だからこそ―― なにを代償にしても死なせたくない! 
「私の名前を持つ剣。そう――名を持つ剣よ!」  一気に叫び、腰にさげた剣に手を添える。 
 否定される前に、震える手で剣を抜き、フリックに押しつけようとした。 
 戦士の村の人間に。まだ名前のついた剣を持たない人間に。自分の名のついた剣を渡すことの重大さと、エゴを、痛いほど理解している。 
 あまりの事に目を見開いたフリックの瞳が痛い。 
「―― これをっ!つか、えば…!」 
 異常に緊張し過ぎて、声がもつれる。手も震えた。 
 その手に、ふいに、フリックの手が重ねられた。 
「―― 意味が分かってていってるんだな?」 
「分かってるわ」 
「―― それでも死ぬなと?」 
「―― 死なないで!」 
 一息に叫ぶ。 
 自分でも分からない、激情の全てをこの言葉に託した。そして、彼を睨みあげる。 
 微かにフリックは目を細めた。 
 そして――目に痛いほど鮮やかに、笑った。 
「その名を背負って一生を生きよう」 
 涼やかな声。 
 そして、フリックの手がオデッサの手をどけ、彼女の腰に下げらえた剣を、鮮やかに抜き去る。 
 一瞬、刀身が光った。 
 まるで未来をみせるかのごとく、鮮やかに綺麗に―― そして儚く。 
 オデッサの見詰める先でフリックは走り出した。 
 指示された通り、隠れているのが最善なのだ。 
 だから、隠れようと動きながら。 
 オデッサは確かに聞いた。 
「我が剣、オデッサの名にかけて!」 
 ―― 凛と叫んだ、彼の声を。 
 鬨の声が、高く高く、響いている。 
 それを確認して、オデッサは僅かに微笑んでいた。 
 あの凄まじく長く感じた時間のあと、返り血と、それ以上に彼自身の血に染まりながらも、なんとか迎えに来たフリックの手を取り、解放軍と合流したのだ。 

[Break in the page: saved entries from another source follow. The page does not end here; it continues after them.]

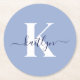 Modern Blue Script Monogram Runder Pappuntersetzer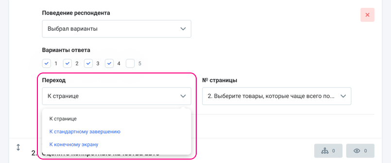 После выбора поведения респондента нужно настроить сам переход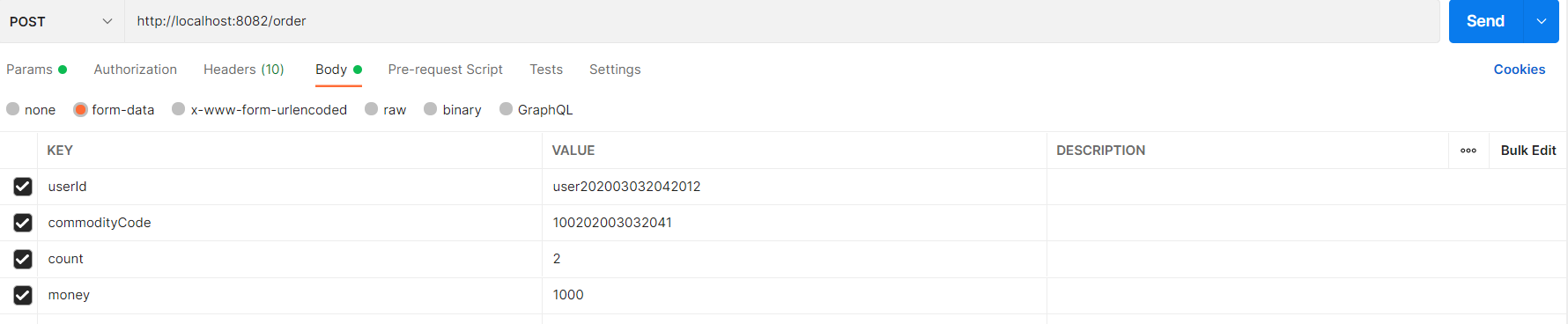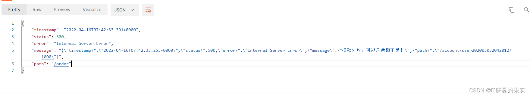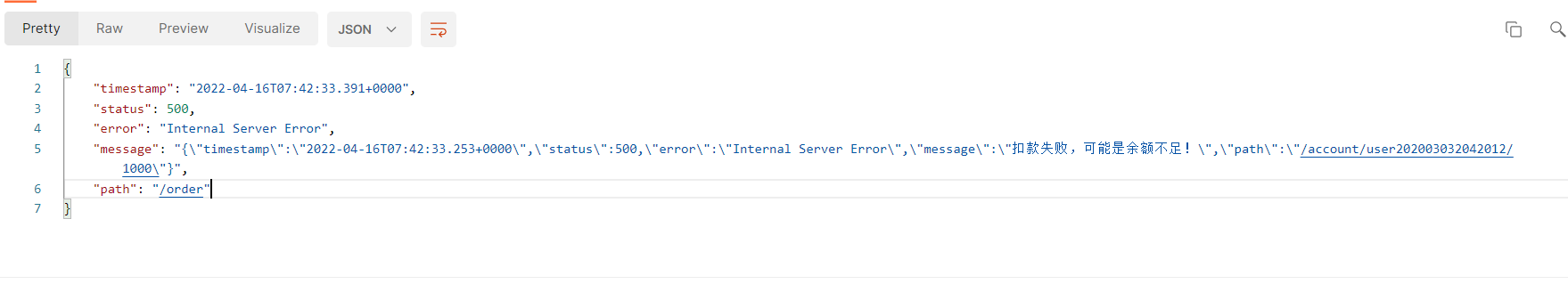 发送请求:(扣减账户为1000)此时肯定会报错,表中数据没有变化则说明分布式事务已经起作用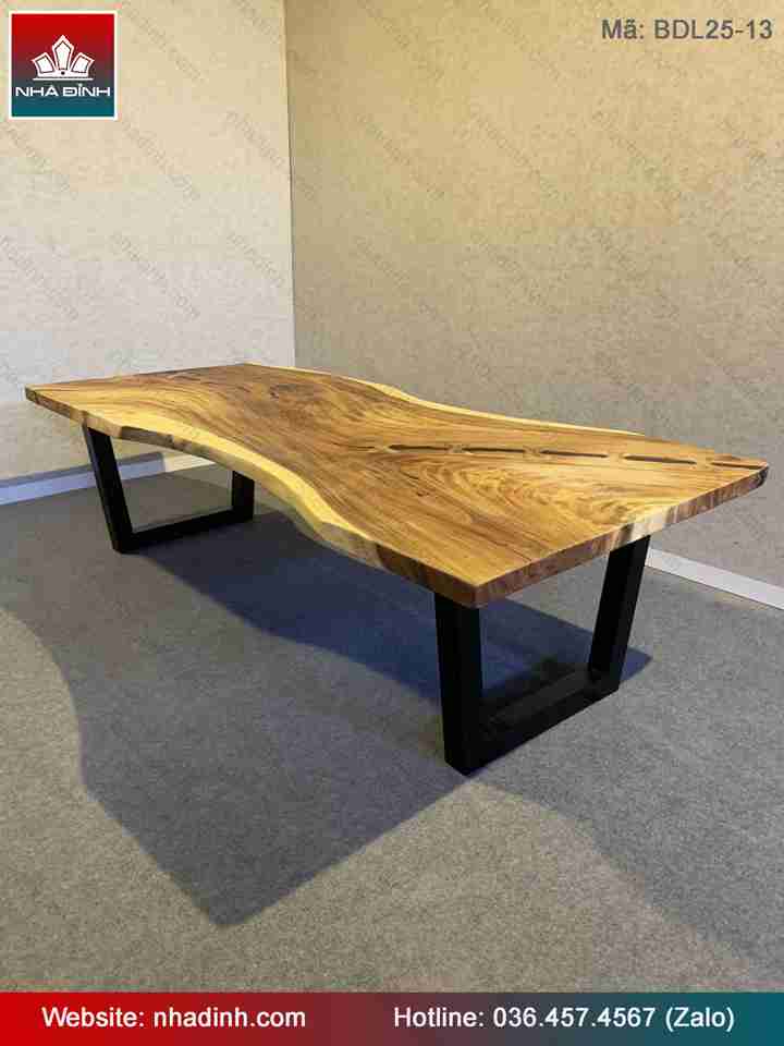 Bàn Ăn Gỗ Me Tây Nguyên Khối Dài 240 Rộng 126-96-115 Dày 5,5 Cao 75 (cm)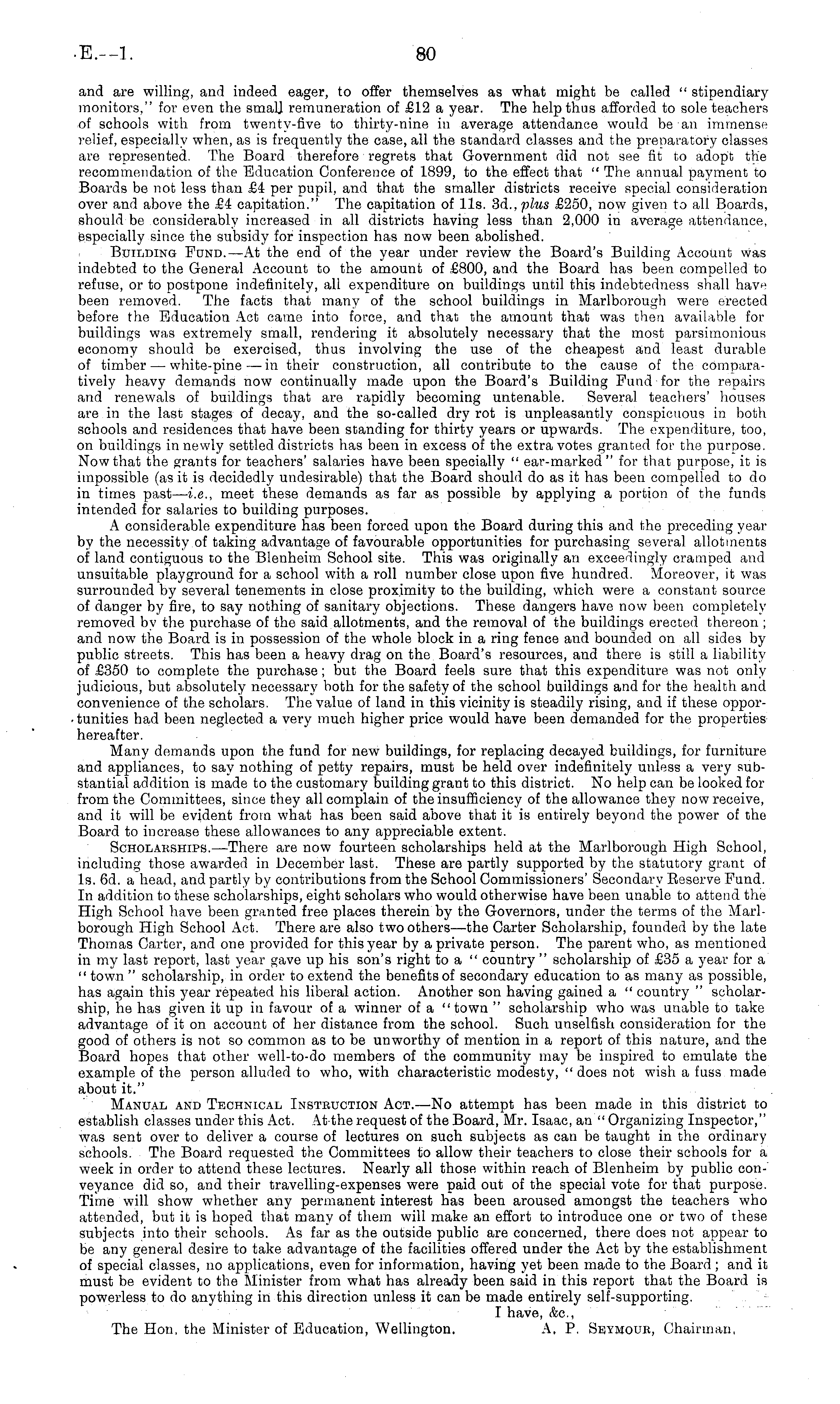 and are willing, and indeed eager, to offer themselves as what might be called " stipendiary monitors," for even the small remuneration of £12 a year. The help thus afforded to sole teachers of schools with from twenty-five to thirty-nine in average attendance would be an immense relief, especially when, as is frequently the case, all the standard classes and the preparatory classes are represented. The Board therefore regrets that Government did not see fit to adopt the recommendation of the Education Conference of 1899, to the effect that " The annual payment to Boards be not less than £4 per pupil, and that the smaller districts receive special consideration over and above the £4 capitation." The capitation of 11s. 3d., plus £250, now given to all Boards, should be considerably increased in all districts having less than 2,000 in average attendance, especially since the subsidy for inspection has now been abolished. Building Fund.—At the end of the year under review the Board's Building Account was indebted to the General Account to the amount of £800, and the Board has been compelled to refuse, or to postpone indefinitely, all expenditure on buildings until this indebtedness shall have been removed. The facts that many of the school buildings in Marlborough were erected before the Education Act came into force, and that the amount that was then available for buildings was extremely small, rendering it absolutely necessary that the most parsimonious economy should be exercised, thus involving the use of the cheapest and least durable of timber — white-pine —in their construction, all contribute to the cause of the comparatively heavy demands now continually made upon the Board's Building Fund for the repairs and renewals of buildings that are rapidly becoming untenable. Several teachers' houses are in the last stages of decay, and the so-called dry rot is unpleasantly conspicuous in both schools and residences that have been standing for thirty years or upwards. The expenditure, too, on buildings in newly settled districts has been in excess of the extra votes granted for the purpose. Now that the grants for teachers' salaries have been specially " ear-marked" for that purpose, it is impossible (as it is decidedly undesirable) that the Board should do as it has been compelled to do in times past— i.e., meet these demands as far as possible by applying a portion of the funds intended for salaries to building purposes. A considerable expenditure has been forced upon the Board during this and the preceding year by the necessity of taking advantage of favourable opportunities for purchasing several allotments of land contiguous to the Blenheim School site. This was originally an exceedingly cramped and unsuitable playground for a school with a roll number close upon five hundred. Moreover, it was surrounded by several tenements in close proximity to the building, which were a constant source of danger by fire, to say nothing of sanitary objections. These dangers have now been completely removed by the purchase of the said allotments, and the removal of the buildings erected thereon ; and now the Board is in possession of the whole block in a ring fence and bounded on all sides by public streets. This has been a heavy drag on the Board's resources, and there is still a liability of £350 to complete the purchase ; but the Board feels sure that this expenditure, was not only judicious, but absolutely necessary both for the safety of the school buildings and for the health and convenience of the scholars. The value of land in this vicinity is steadily rising, and if these opportunities bad been neglected a very much higher price would have been demanded for the properties hereafter. Many demands upon the fund for new buildings, for replacing decayed buildings, for furniture and appliances, to say nothing of petty repairs, must be held over indefinitely unless a very substantial addition is made to the customary building grant to this district. No help can be looked for from the Committees, since they all complain of the insufficiency of the allowance they now receive, and it will be evident from what has been said above that it is entirely beyond the power of the Board to increase these allowances to any appreciable extent. Scholarships.—There are now fourteen scholarships held at the Marlborough High School, including those awarded in December last. These are partly supported by the statutory grant of Is. 6d. a head, and partly by contributions from the School Commissioners' Secondary Eeserve Fund. In addition to these scholarships, eight scholars who would otherwise have been unable to attend the High School have been granted free places therein by the Governors, under the terms of the Marlborough High School Act. There are also two others —the Carter Scholarship, founded by the late Thomas Carter, and one provided for this year by a private person. The parent who, as mentioned in my last report, last year gave up his son's right to a " country " scholarship of £35 a year for a "town" scholarship, in order to extend the benefits of secondary education to as many as possible, has again this year repeated his liberal action. Another son having gained a " country " scholarship, he has given it up in favour of a winner of a "town " scholarship who was unable to take advantage of it on account of her distance from the school. Such unselfish consideration for the good of others is not so common as to be unworthy of mention in a report of this nature, and the Board hopes that other well-to-do members of the community may be inspired to emulate the example of the person alluded to who, with characteristic modesty, " does not wish a fuss made about it," Manual and Technical Instruction Act.—No attempt has been made in this district to establish classes under this Act. ;\tthe request of the Board, Mr. Isaac, an " Organizing Inspector," was sent over to deliver a course of lecture

 ―― 無事、ハンフリー達も逃げていてくれるだろう。 
 鬨の声が。 
 なぜかオデッサには、子供の産声のように聞こえてならなかった。 
「―― 解放運動が……本当の意味で解放軍になった、きっと今日が始まりの日なんだわ」 
 静かに、呟く。 
 フリックは、合流したと同時に倒れ、眠っている。 
 オデッサは彼を一台だけの馬車にいれ、その頭部を守ってやる為に、膝を貸した。 
「―― ありがとう」 
 そして、そっと囁き微笑んでいた。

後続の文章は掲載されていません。